Sharon placed a hand over Molly's.

Molly thought, "Sometimes a winning smile is really a doorway to hell. And sometimes the homecoming queen is a punching bag." A slight sense of vertigo spun through her. A few days later, grim-faced Ned arrived at Pin Oak Dr. to pack his belongings into a Kansas-bound U-Haul. Ned was stunned to see Sharon in the house, but didn't comment. In fact, Molly and Ned didn't speak very much at all, no more than was absolutely necessary, didn't so much as say goodbye. As he drove into the dusk, she muttered, "Have a nice life. Not." Then she made duck noises, "Quack! Quack!"

They never met or spoke again; the divorce was handled through the mail.

Sharon stayed on through the week, sleeping on a cot in Ned's empty office. And she was still there the next week, and the next. She made herself very useful with cleaning and shopping, running the dumb errands that could swamp Molly's life. Her presence made the house hum. She even planted a victory garden in the backyard, fertilized with horse manure, and seeded with tomatoes and green beans and zucchini, of course zucchini, the easiest to grow. If all else fails, there's always zucchini! They ate well all summer and had plenty to jar for the winter.
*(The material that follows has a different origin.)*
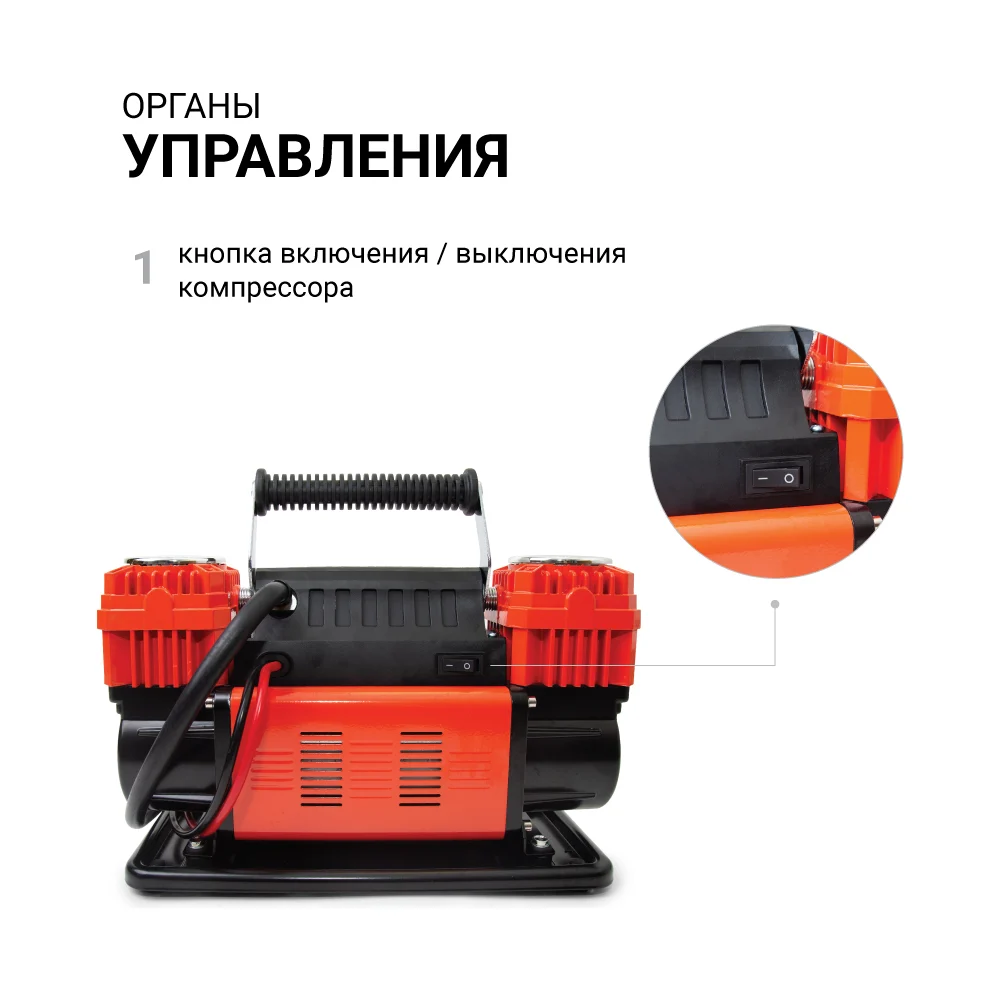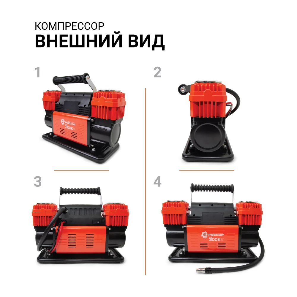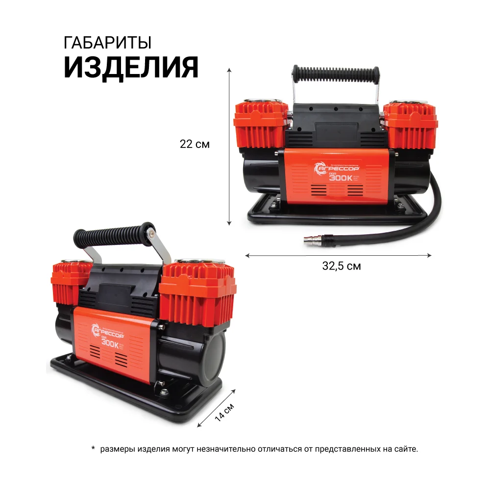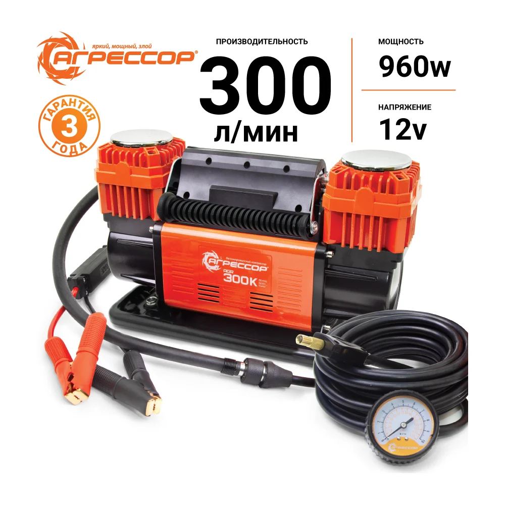 Воздушный компрессор Агрессор 300 л/мин, 12 В/90 А, шланг 8 м, шнур питания 2.4 м, питание от акб AGR-300K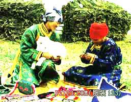 在古代,蒙古族不论贵族妇女,还是贫苦的妇女,都学习掌握刺绣。蒙古族姑娘从小就学习刺绣,掌握家中各种针线活儿的技能,当然这种学习是没有专门的学校和教师指导的,主要是从母亲熟练的针线、刺绣中得到启发和培养的。少女从十来岁就开始学习刺绣,开始时绣各种荷包、袜底,到十五六岁掌握了一定刺绣方法后就开始绣各种花鞋、马海靴等,同时可以剪裁各种衣服,有些聪明能干的姑娘不满足于从母亲那里学到的刺绣技巧,就去求教于本村的一些巧绣能手,称她们为姐姐,从她那里耐心地学习各种高超的刺绣技巧,并缝制各种衣帽等,学习绣各种套袖、衣襟、耳套的制作方法,在各种不同的底布上刺绣各种花卉,鸟兽,以及各种自己所喜欢的图案。有些姑娘因刺绣的优美而得到周围人们的称赞,同时引起其它姑娘们的羡慕。蒙古族自己所用的衣帽、花鞋、靴子、针扎、碗袋、枕套、鞍具、门帘等所有生活用品都是用自己的手精心地设计和刺绣出来的,所以蒙古族姑娘和妇女家庭刺绣和针线活儿的劳动量是十分繁重的。 在古代的蒙古社会中是不出售各种衣帽等生活用品的,各种用品和刺绣品全部由每个家庭中的妇女来担负,因为自己做的是根据使用对象和身体情况不同而制做的。家中女儿到十七八岁或二十岁,刺绣的能力达到比较熟练的时候,在进一步学习刺绣的同时,还要进行家教,在出嫁前都要给婆家的每一个人做一双“斯布登高吐拉”,这种“斯布登高吐拉”就是从娘家带给婆家全家的见面礼,从一般家庭看也得做五十几双鞋和靴子,特别是给新郎做的靴子就要更加细心,其造型和图案的花纹也十分讲究,刺绣的技巧也十分精细,同时还要给新郎精心刺绣八个飘带的烟荷包,这些都是在出嫁前赶制的。

When Sharon was first considering a garden, they asked the local postmistress if she knew where to get manure. "What kind do you want? Hereabouts we got chicken shit, we got pig shit, we got cow shit, we got horseshit. This county? It's fulla shit!" The three of them laughed.

One evening, after Sharon had been living with Molly for a month or so, they were on the sofa watching an old movie. During a commercial they made eye contact, and didn't break it. Molly leaned over, and Sharon leaned over, and Molly leaned closer, and Sharon leaned closer, and their mouths met for the first time. They held that kiss for a very long time, their breaths one.